Criteria for Categorisation of CS Facility Licensees
The Bank's approach to assessing CS facility licensees is based on the categorisation of the licensee, with reference to the degree of systemic importance in Australia of the CS facility operated by the licensee under its CS facility licence. This approach builds on the Council of Financial Regulators’ July 2012 framework for ensuring appropriate regulatory influence over cross border CS facilities.[1][2] The requirements applying to each category of licensee are:
- Base-level requirements for CS facility licensees that are not categorised as ‘Important’ or ‘Systemically Important’ e.g. for start-ups and overseas licensees with relatively limited Australian participation
- Requirements for Important CS facility licensees e.g. for operators of CS facilities that provide services to a large proportion of the Australian market for a product that is integral to the Australian financial system
- Requirements for Systemically Important CS facility licensees e.g. for operators of CS facilities that are the major
provider, or one of the major providers, of services to the Australian market for a product that is
integral to the Australian financial system.

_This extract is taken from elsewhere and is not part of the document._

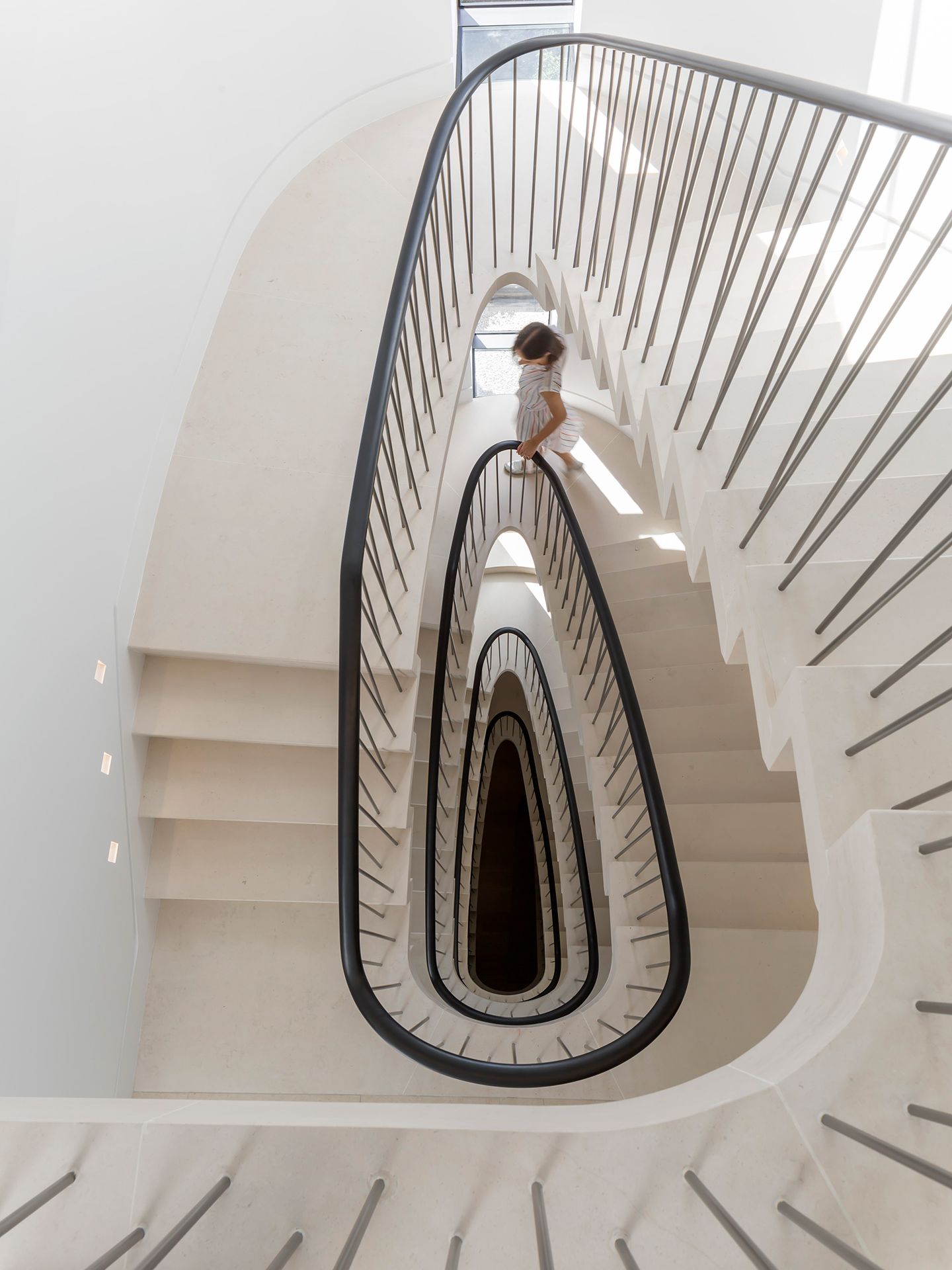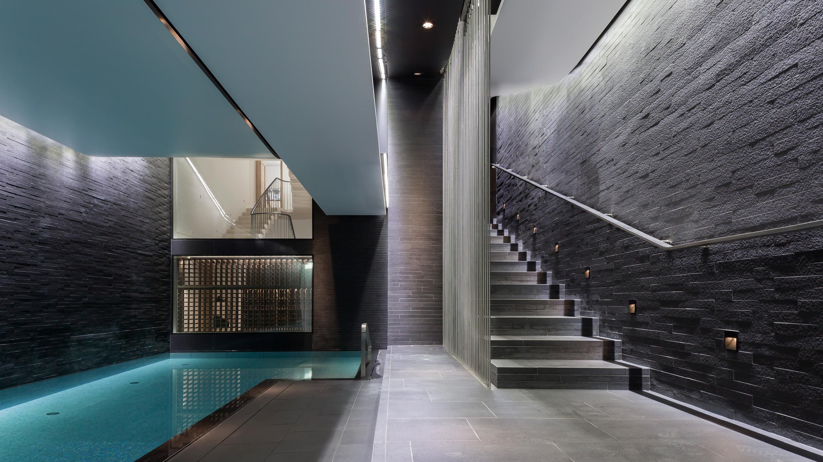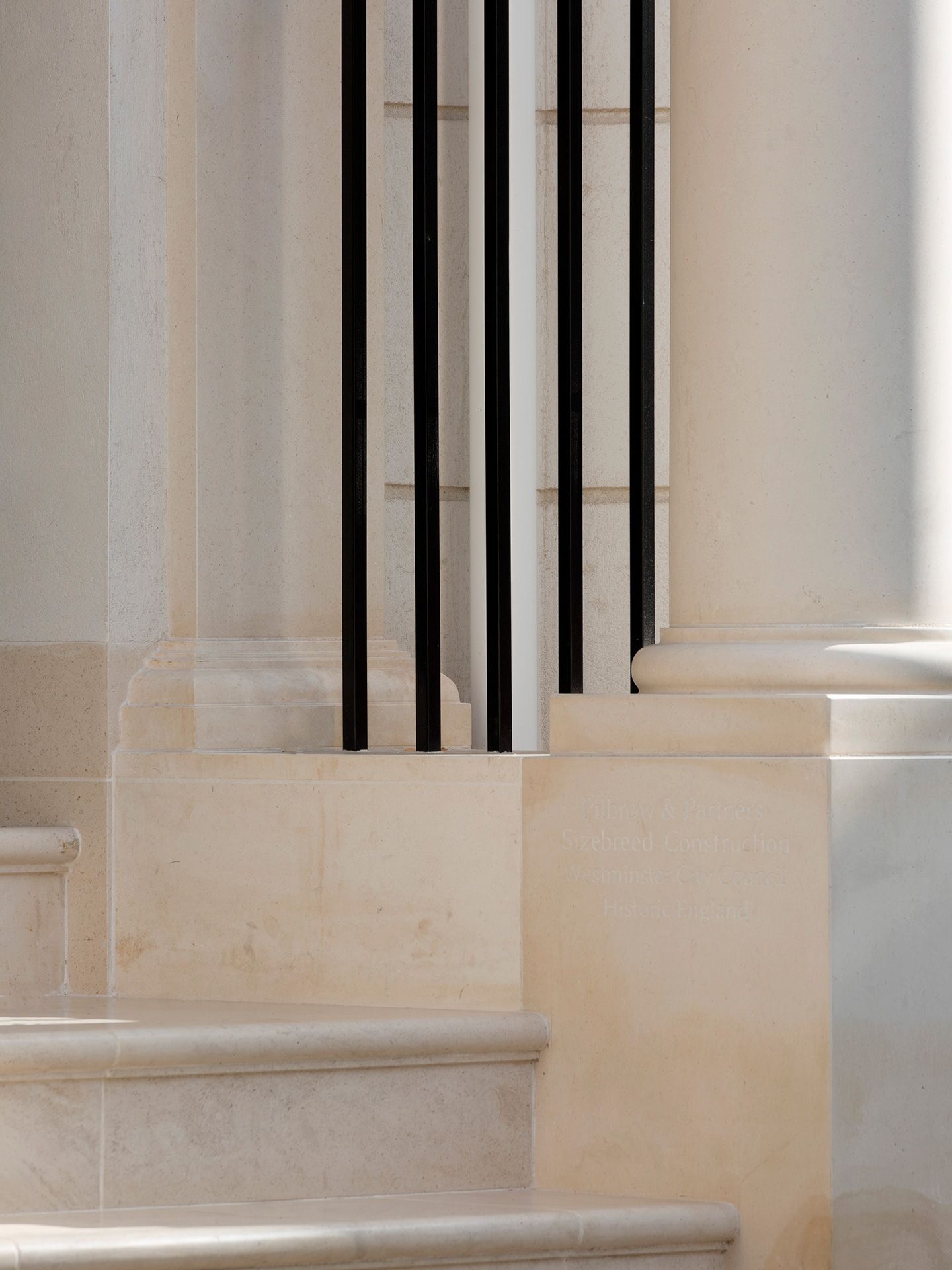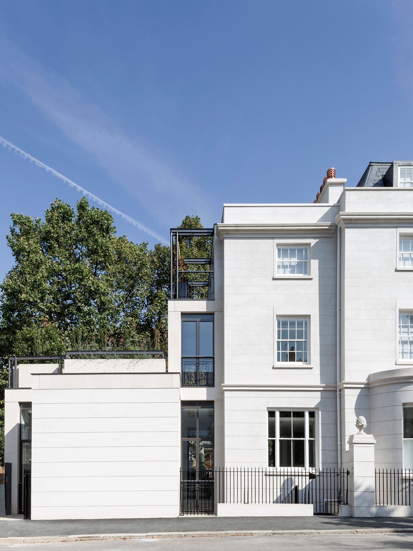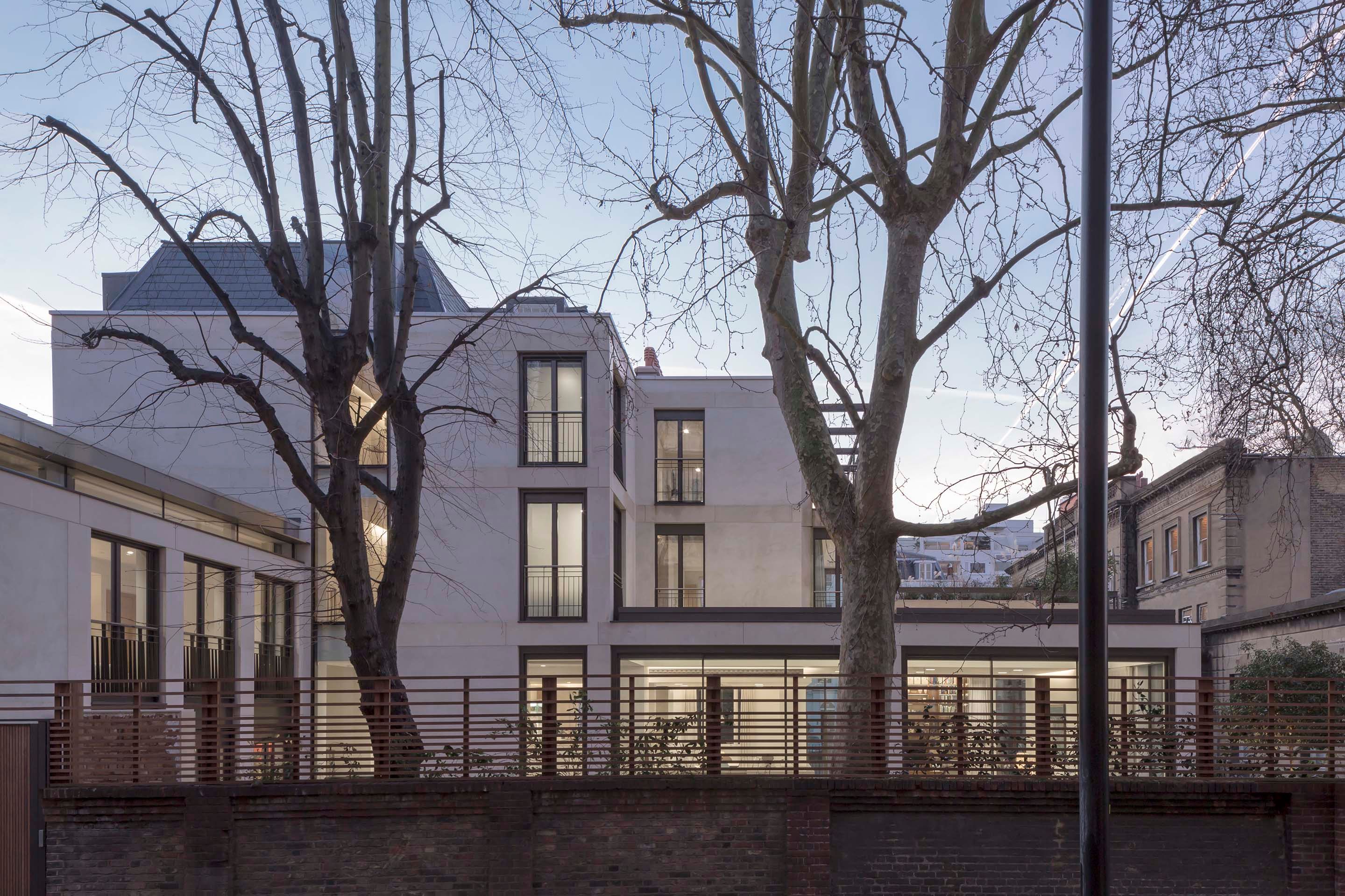 Our remodelling of 3 Orme Square, a Grade II-listed home, reasserts the elegant architectural composition and qualities of the original 1826 villa. The refurbishment also enhances the coherence and character of Orme Square, a private Regency-era square next to Kensington Gardens in Bayswater. By replacing a series of unsympathetic wraparound extensions with carefully scaled, set-back volumes, to create new wings to the north and east of the original home, we reinstated the residence’s symmetrical three-bay primary frontage. In keeping with surrounding heritage homes, our design incorporates a new mansard roof, bringing more living space and additional prominence to the villa’s primary elevation. Inside the new wings, fluid contemporary living spaces, with floor-to-ceiling windows contrast with and complement the original building’s more traditional interiors. A new, central, cantilever sky-lit limestone stair connects the two elements of the building, fusing traditional and contemporary craftsmanship. A single basement storey was fully excavated to provide space for a private pool. New high-performance materials specified for the contemporary wings are met with subtle fabric upgrades within the heritage building. A closed loop ground source heat pump provides heating, cooling and hot water, coupled with energy-efficient systems to ensure ongoing low-carbon operation for the home’s residents.

Within this category, there would be different arrangements
for:
- overseas licensees; and
- domestic licensees.
The relevant factors in assessing the importance in Australia of the CS facility operated by the licensee under its CS facility licence would ordinarily include, but not be limited to:
- the size of the facility in Australia
- the availability of substitutes for the facility's services in Australia
- the nature and complexity of the products cleared or settled by the facility
- the degree of interconnectedness with other parts of the Australian financial system.
As part of the licensing process, the CS facility proposed to be operated by the applicant will be assessed against these factors, and any other criteria that may be deemed by the Bank to be appropriate on a case-by-case basis in order to determine the categorisation of the proposed CS facility licensee. The Bank will review the categorisation of individual CS facility licensees as part of its assessment process and promptly communicate any changes to CS facility licensees. The categorisation of CS facility licensees will be communicated to the public as part of the Payments System Board's Annual Report.
The Bank's Supervisory and Assessment Approach
Initial Assessment
As part of any licence application, the Bank will conduct an initial compliance assessment of the CS facility applicant against any applicable FSS. The Bank may also consider and assess other matters relating to systemic risk in the provision of the applicant's facility and services. Such an exercise would draw on publicly available information, including rules and procedures, and self-assessments, supplemented with information provided by the applicant (and its overseas regulator, if applicable). It is the Bank's intention that, if a licence was granted, this initial compliance assessment, and any resulting regulatory priorities, would be published.
For overseas licensees, the Minister must be satisfied, among other things, that ‘the operation of the facility in that country is subject to requirements and supervision that is sufficiently equivalent, in relation to [certain matters, including the degree of protection from systemic risk], to the requirements and supervision to which clearing and settlement facilities are subject to under this Act in relation to those matters’. The Minister must also consider under section 827A(3)(d), among other things, ‘whether adequate arrangements exist for cooperation between ASIC, the Reserve Bank of Australia and the authority, or authorities, that are responsible for that supervision’. For the purposes of advising the Minister on a licence application, the Bank has published guidance on its approach to assessing sufficient equivalence of an overseas jurisdiction in relation to the degree of protection from systemic risk.[3]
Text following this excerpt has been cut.